As Rio de Janeiro prepares to host the world’s best athletes at the 2016 Olympic Games, spectators, tourists and business professionals are excitedly packing their bags, checking their tickets and getting ready to descend on one of the world’s most beautiful countries. Like most of South America, Brazil enjoys incredible scenery and landscapes, from the long, sprawling beaches of Copacabana to its rugged mountain ranges.
Olympics fans lucky enough to be heading to Brazil to support their team can enjoy Rio's rich culture and traditions to the full with a few simple etiquette tips:
General greeting and conversation:
Much of Brazil’s social etiquette is based on a strong level of trust and sense of family. Families tend to be quite large and very close, especially the extended family. Unlike some other countries and cultures, the practice of favouring relatives or friends suggests that trust is the main focus and of primary importance.
Meeting and Greeting:
When meeting someone for the first time in Brazil, the greeting depends on how well you know the person.

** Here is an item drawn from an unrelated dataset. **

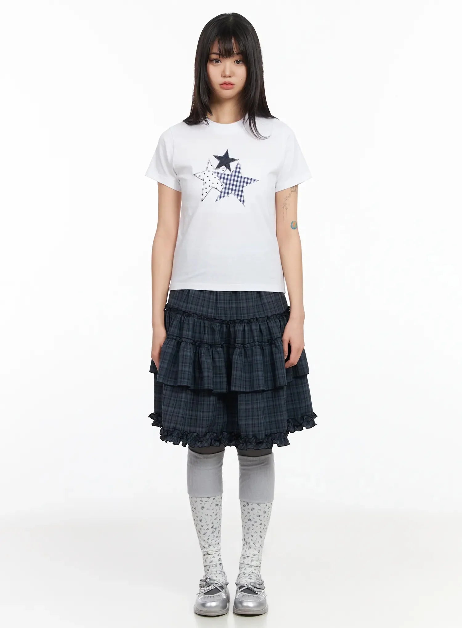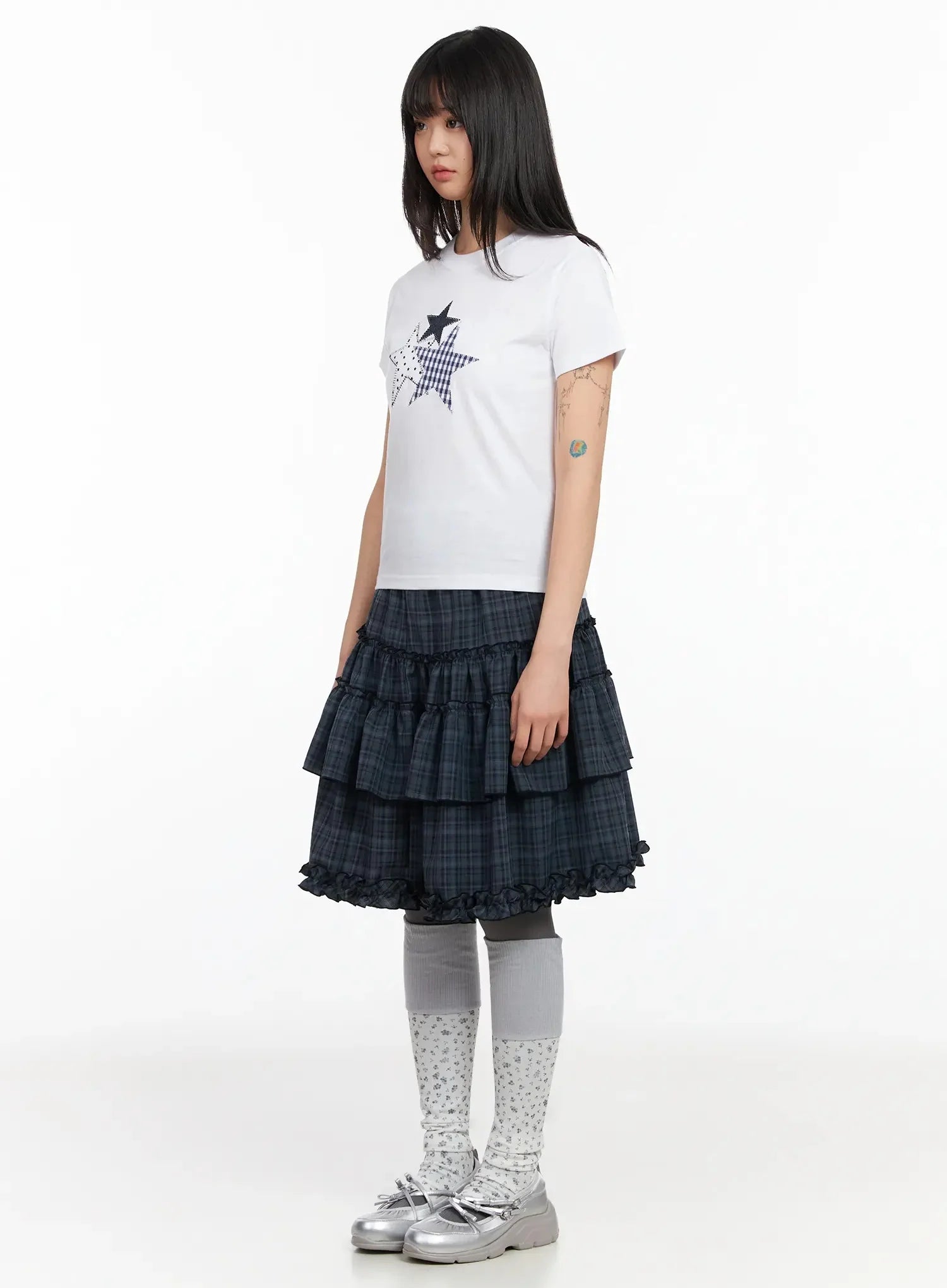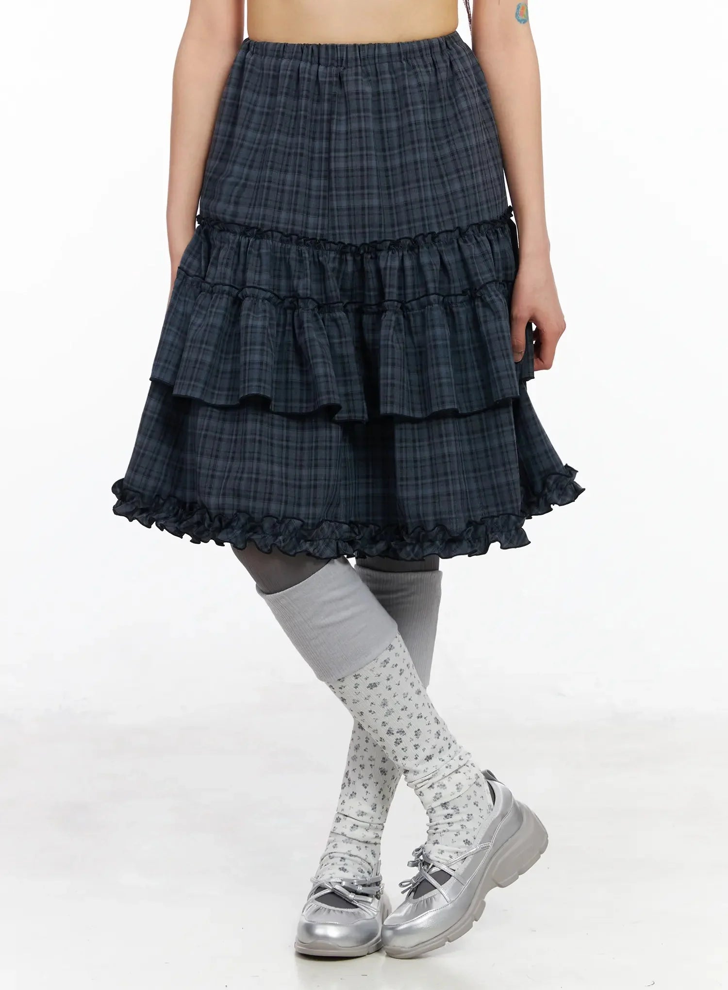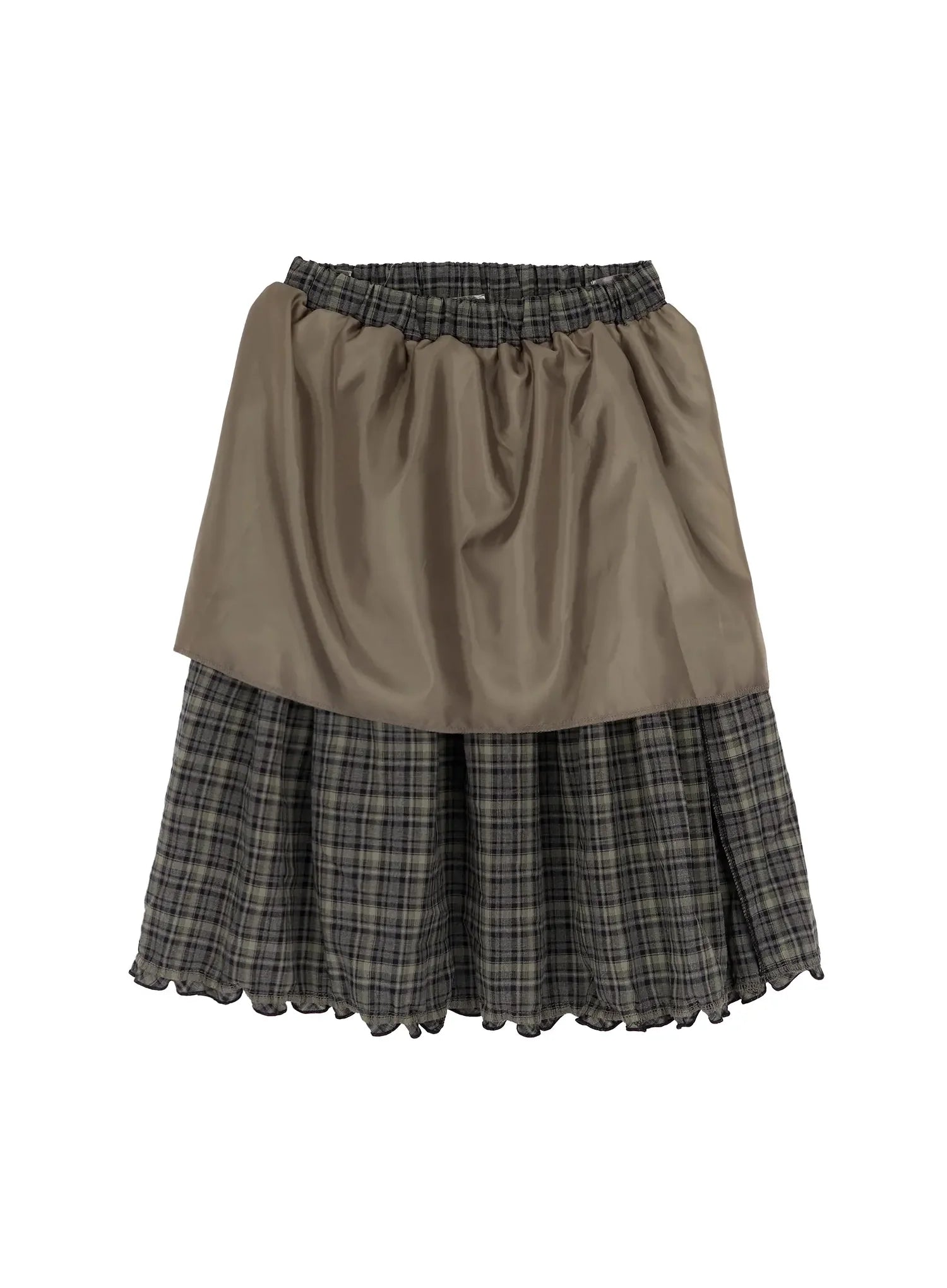 Plaid Frill Tiered Midi Skirt IA523

Conversation and communication across Brazil is usually relaxed and quite informal.
Invitations and gift-giving:
Whether you’re visiting Brazil as a tourist or for business, you may be invited to an event or party. Although gift-giving in Brazil is not as ritualistic as for some Eastern cultures, there is still an level of etiquette that those being hosted should observe.
Unlike in the UK, punctuality is not strictly adhered to in social situations in Brazil.
If a dress code is not stated on the invitation, it is always better to err on the side of formality than under-dressing. Although Brazilians tend to dress casually, they will do so with elegance and with flair, and judgment is often passed on others’ appearance. Visitors, therefore, should take note and dress accordingly.
If invited to a social occasion, you should present the hostess with a small gift, usually flowers.